Но и здесь, в лоне земли, людей охватывал ужас тысячью рук. Где-нибудь, очень близко, рядом с кем-то, под кем-то, этот ужас мог скользить в запутанных проходах, копать, стучать и накапливать взрывчатку, ползком и тайком при тлении рудничных ламп. Где-то в воронках нейтральной полосы шепчущая толпа, готовая к прыжку и обвешанная оружием, могла ждать, чтобы броситься к траншее на внезапную бойню, на короткую оргию в огне и крови. Всюду окрестности были протканы скрытой жизнью и действиями, расплывчатыми пыхтящими под своим грузом оружия цепей носильщиков, шепотом вооруженных фигур. И это давление, эта тяжесть, прокатывавшаяся над замершими полями, тяготела также как свинцовый колокол над сердцем каждого отдельного человека.
Это было видно, когда снаружи глухо разрывалась земля траншейной кромки, или замерзший часовой тихо кричал книзу к своему сменщику. Тогда оковы сна разрывались ярким осознанием, спящий испуганно просыпался в ожидании того, что перед ним темнеют ворота какого-то ужасного события.
И однажды, раньше или позже, наступал день, в который эти темные ворота вспыхивали, который своим ярким светом затмевал все предчувствия и все ожидания в молнии исполнения. В большинстве случаев эти ревущие грозы прыгали на солдат в траншеях с внезапной яростью как дикие звери из засады. В боевых уставах это называлось моментом неожиданности. Так неожиданно вскипал котел, когда черные ленты проволочных заграждений раздирались из рассвета, и похожие на миражи фигуры окружали жаждущие сна глаза часовых. Тогда сразу лопались горизонты, утренние туманы наполнялись краснотой пламени, над траншеей поднимались огонь, брызжущая земля и дым.
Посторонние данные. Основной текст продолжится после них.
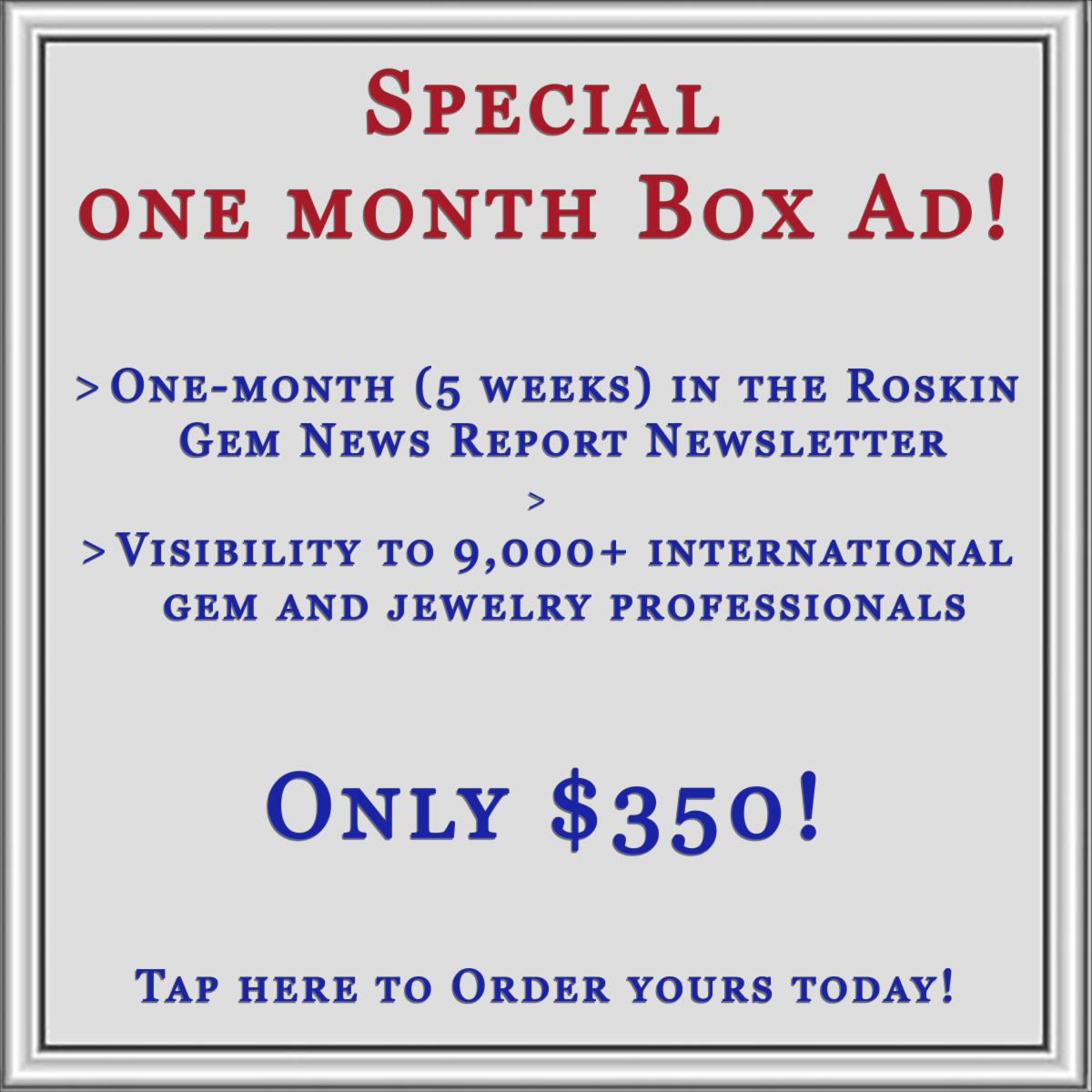 One-month (5 weeks) in the Roskin Gem News Report Newsletter
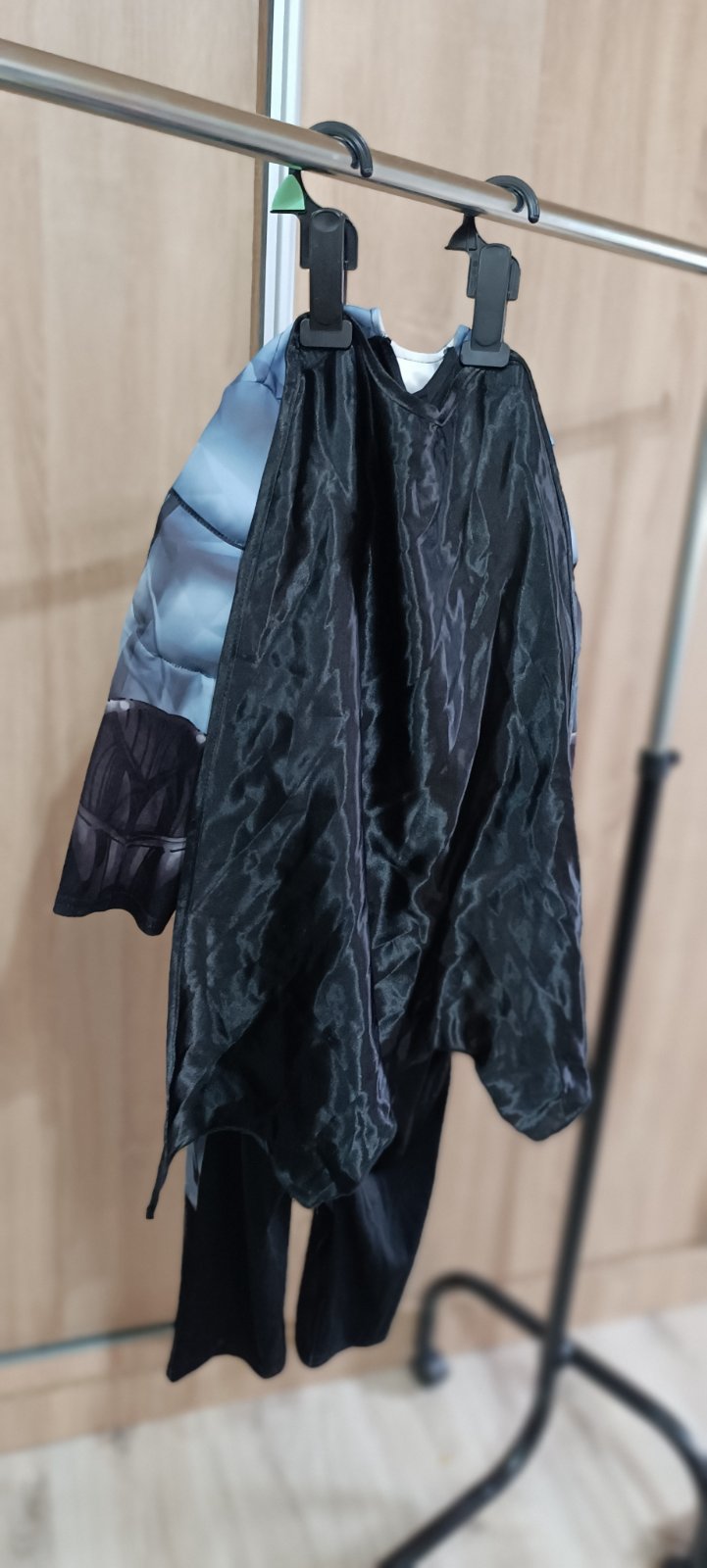 Karnevalový kostým, prípadne kostým na Halloween. Píšu na 8-10 rokov. , ale ja si myslím že skôr je to na 6 rokov. Škraboška je pokrčená, ale dá použiť.
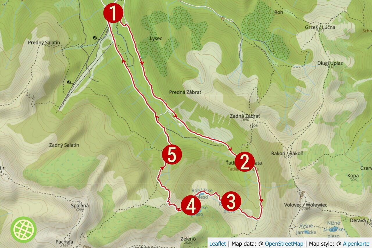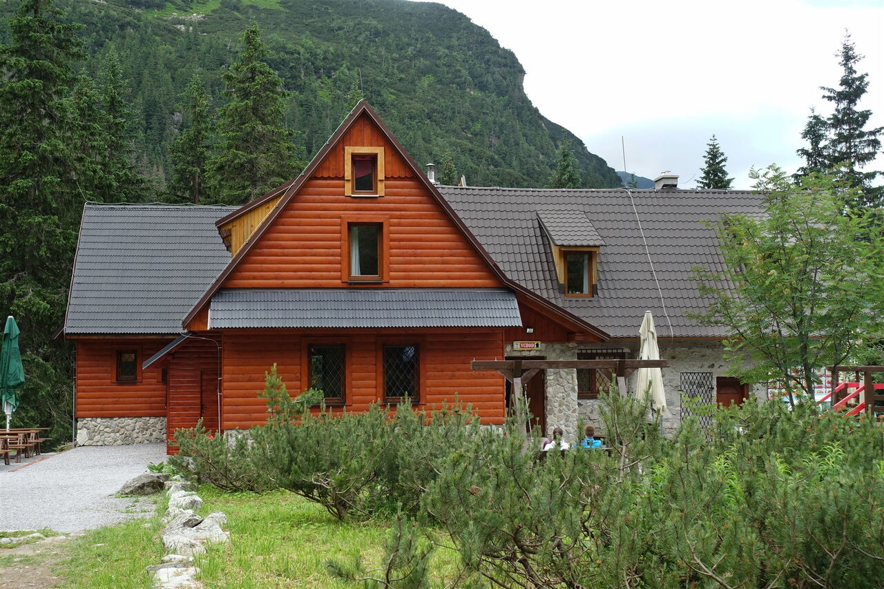 Den darauffolgenden rechten Abzweiger lassen wir aus und gehen geradeaus weiter. Wir erreichen die idyllisch am Ťatliakova-See gelegene 02 Ťatliakova Chata (1316 m). Sie ist in der Zeit vom 15. Juni bis 30. Oktober bewirtschaftet. Ein geräumiges Esszimmer mit Kamin lädt zum Verweilen ein. Noch vor der Hütte zweigt halb links der ausgezeichnete Pfad Richtung Roháče plesá ab. Dieser führt etwas oberhalb des ersten Sees entlang. Links oberhalb (Richtung Osten) auf dem Bergrücken befindet sich die Tour 75 – im Grenzgebiet zwischen der Slowakei und Polen.
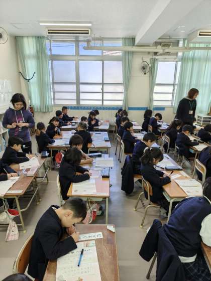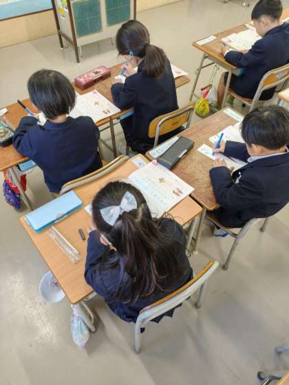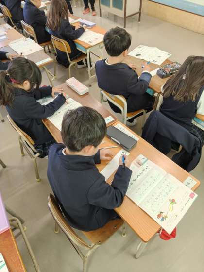 書き初めをしています。「なかよくあそぶ」とひらがなを書いています。お手本を何度も見ながらお手本のように書こうとがんばっています。
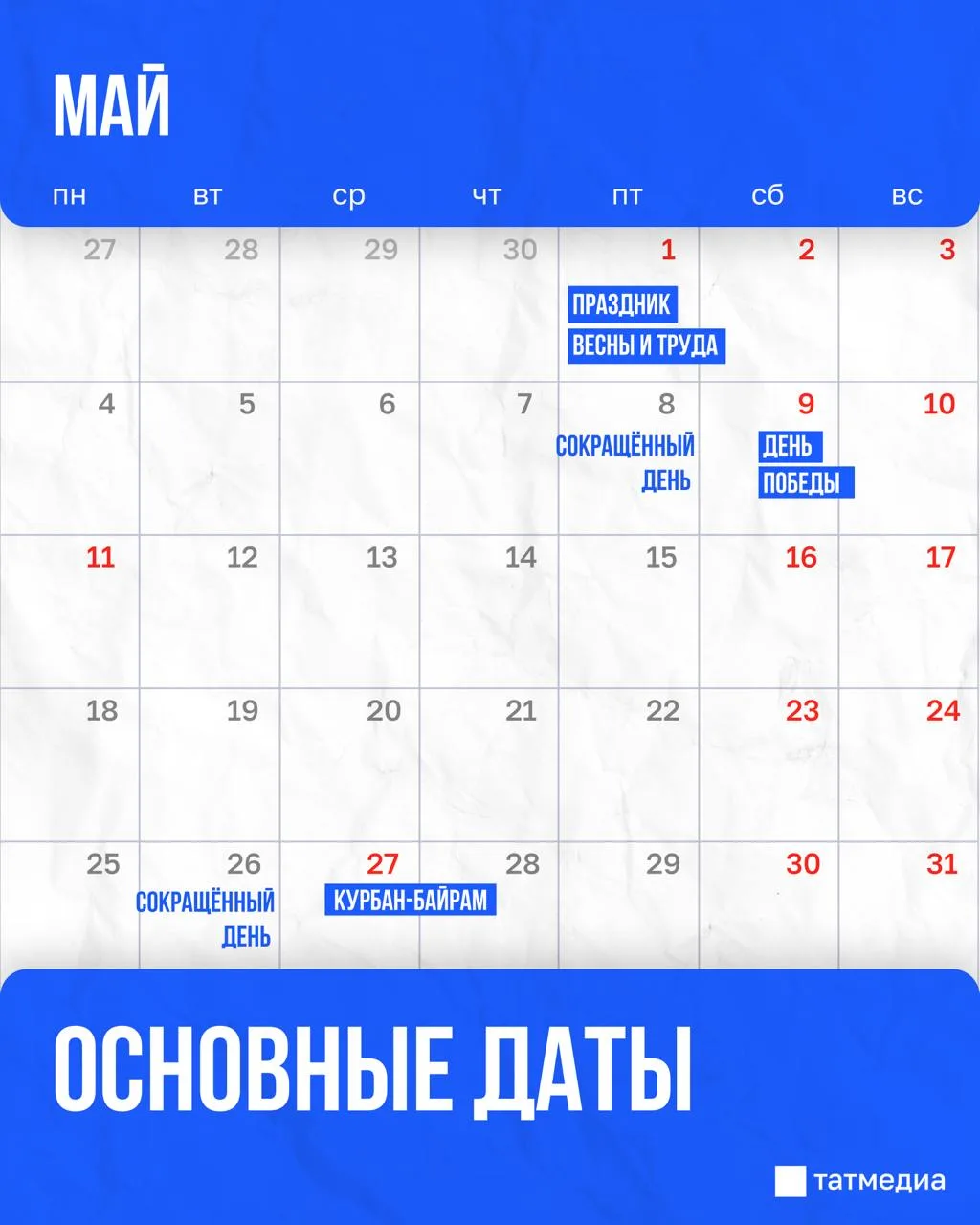 Майские праздники всё ближе – самое время заглянуть в календарь
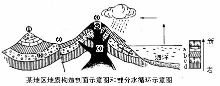 28.读“某地区地质构造剖面示意图和部分水循环示意图”,并回答下列问题。(12分)
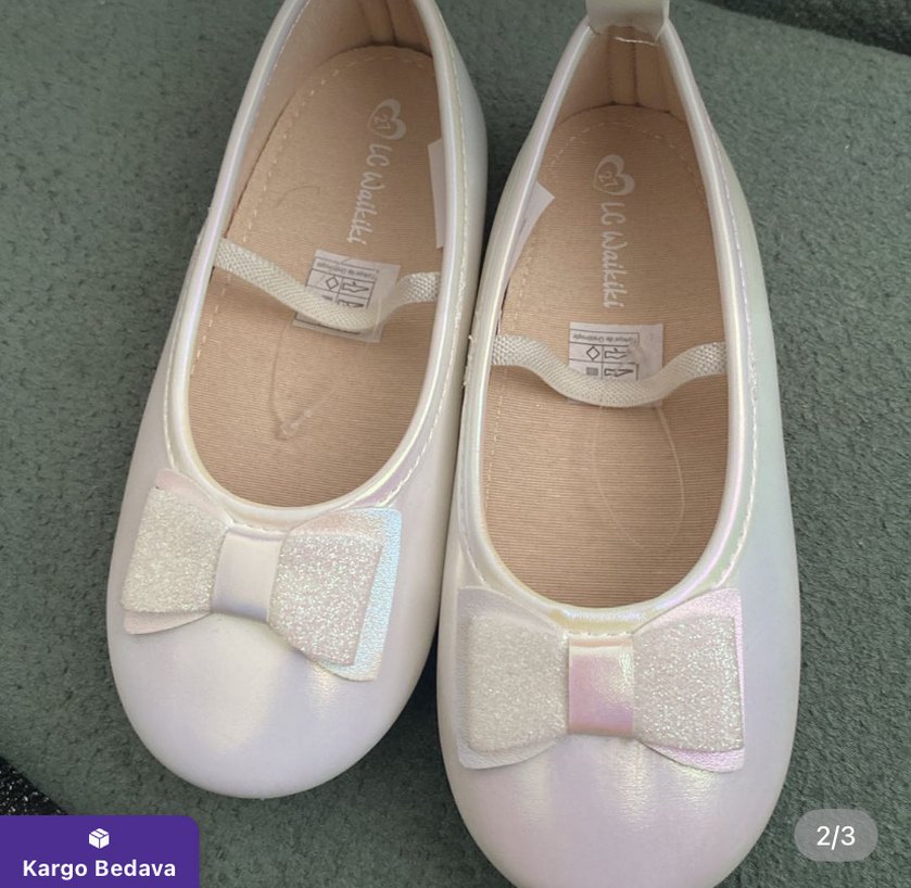 Kız çocukları için beyaz renkli, fiyonklu ve lastik malzemeden yapılmış modern klasik babetler. Şıklık ve rahatlık bir arada.

Это облако было пламенным занавесом, под которым боролись и умирали окопные солдаты, занавесом, который навечно окутывал все, что порождали эти часы в мужестве и сверхчеловеческой смелости, занавесом, который смерть опускала на свои жертвы, которые ждали, несказанно покинутые, разбросанные по своим печальным дырам. Бесчисленные погибали так, одиноко и далеко от человечеством в темных пещерах или дымящихся воронках, причем их последний, ищущий взгляд остекленевших глаз не мог видеть ничего вокруг, кроме голой, разорванной земли.
Бесчисленные другие падали на телах этих погибших в апогее битвы, когда длинные человеческие волны выплескивались из траншей.
Траншея показывала свое истинное лицо. С нее падало все, чем человек, который любит скрывать ужасное, ее украшал и декорировал. Измельченными, разорванными становились скамьи для отдыха, резные доски, букет цветов, посаженный часовым в снарядной гильзе. Только отвесные стены, траверсы, стояли как неподвижные, черные кулисы, перед которыми гналась друг за другом в огне и тумане цепь драматических сцен. Там неслись сражающимися толпами элиты наций, бесстрашные атакующие сквозь сумерки, выдрессированные на то, чтобы по свистку или короткому приказу бросаться в смерть. Если две группы таких бойцов встречались в узких проходах горящей пустыни, то тут сталкивалось олицетворение самой беспощадной воли двух народов.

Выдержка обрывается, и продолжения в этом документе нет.